Contact comparison atlas

Table of user-defined structures

How to compare your structures and identify interaction patterns?

You can do this in three simple steps:

  1. Generate structural alignment and map structurally equivalent positions
  2. Compute interactions
  3. Interactively visualize interaction patterns

The following example compares the two structures with PDB ids 2RH1 and 3UON:

  1. Generate structural alignment and map structurally equivalent positions
    • Prepare your structures by adding hydrogen. This can be done using e.g. pymol.
    • Save the structures that have hydrogens added to them: 3UON_h_added.pdb and 2RH1_h_added.pdb.
    • Generate a multiple sequence alignment using Gesamt (v1.09/v1.15) from CCP4 (www.ccp4.ac.uk) and save the output:
      $ gesamt 3UON_h_added.pdb 2RH1_h_added.pdb > output.txt
    • Generate residue-label files using get_resilabels.py
      $ get_resilabels.py --input_gesamt output.txt --output_path label_files/ --proteins 3UON 2RH1
  2. Compute interactions using GetContacts:
    • $ get_static_contacts.py --structure 3UON_h_added.pdb --output 3UON_contacts.tsv --itypes all
    • $ get_static_contacts.py --structure 2RH1_h_added.pdb --output 2RH1_contacts.tsv --itypes all
  3. Using this webpage, upload the the pdb files and the above-generated interaction files and label files.

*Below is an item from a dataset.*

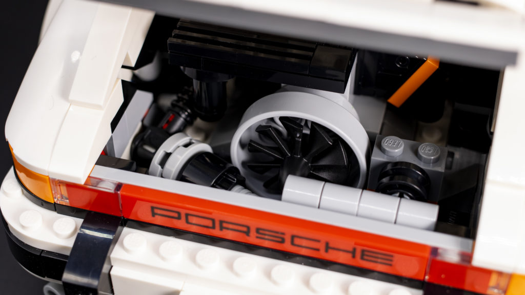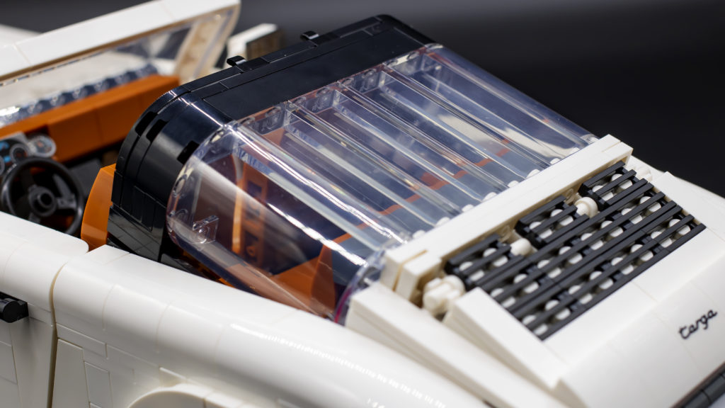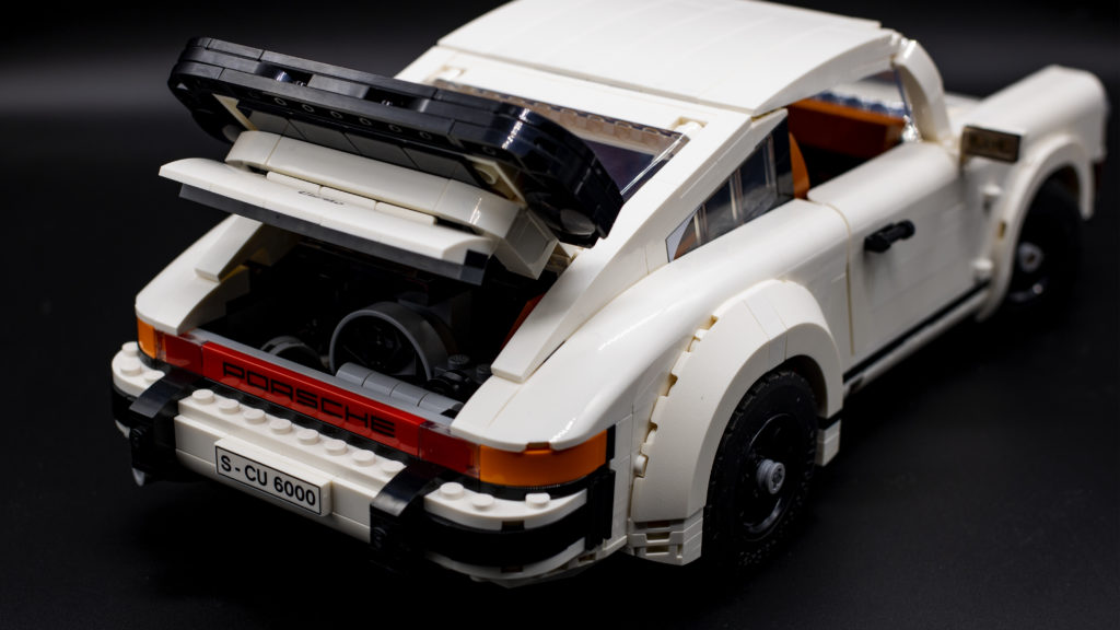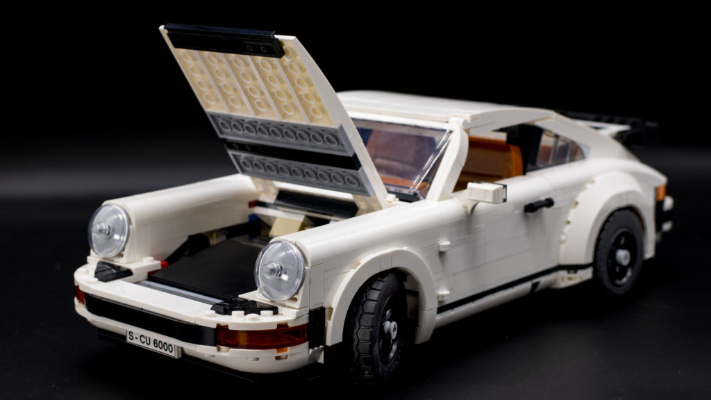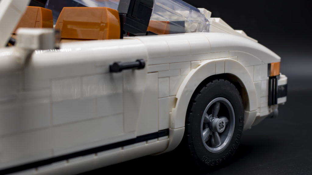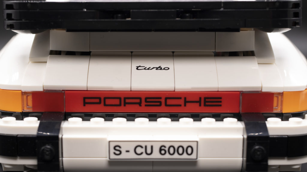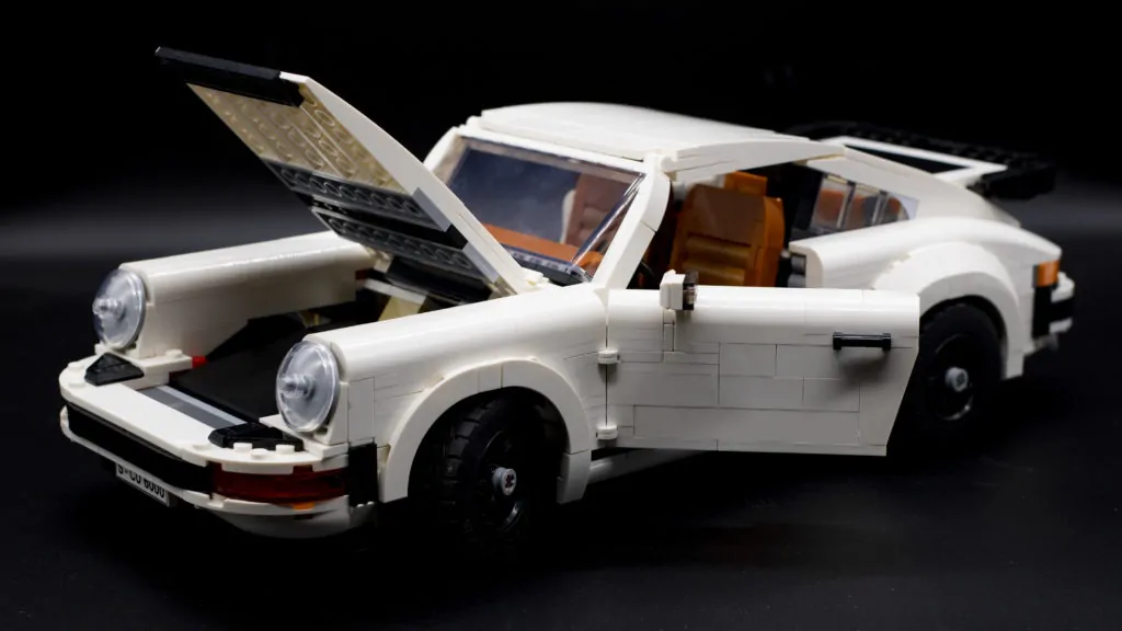 Efter det ret lige arbejde med at konstruere rammen er det til fornøjelsen at langsomt opbygge karrosseriet og indvendige detaljer, hvoraf de fleste består af et antal smarte underenheder, der passer sammen på åh så tilfredsstillende måder. En genial brug af den 2 × 4 buede flise hjælper med at forbinde rammen med den bageste vinklede tagdel. 1 × 1 runde fliser med pinholdere er forbundet til toppen af Technic mursten, der vender bygningsretningen, hvilket gør det muligt for eksponerede studs at forbinde til baghjulbuerne (Turbo og Targa har forskellige hjulbuer, så dette afsnit skal let kunne skiftes).

How to compare to simulations?

When using a simulation in the comparison, the approach is similar to the one described above. The only difference is that the contact file now contains multiple frames so it has to be reduced to a single frame based on frequency of interactions.

  • $ get_dynamic_contacts.py --topology top.pdb --trajectory trj.xtc --output sim_contacts.tsv --itypes all
  • $ get_contact_singleframe.py --input sim_contacts.tsv --output sim_single.tsv --min_frequency 0.6
Using this webpage, upload the the pdb files and the above-generated interaction files and label files.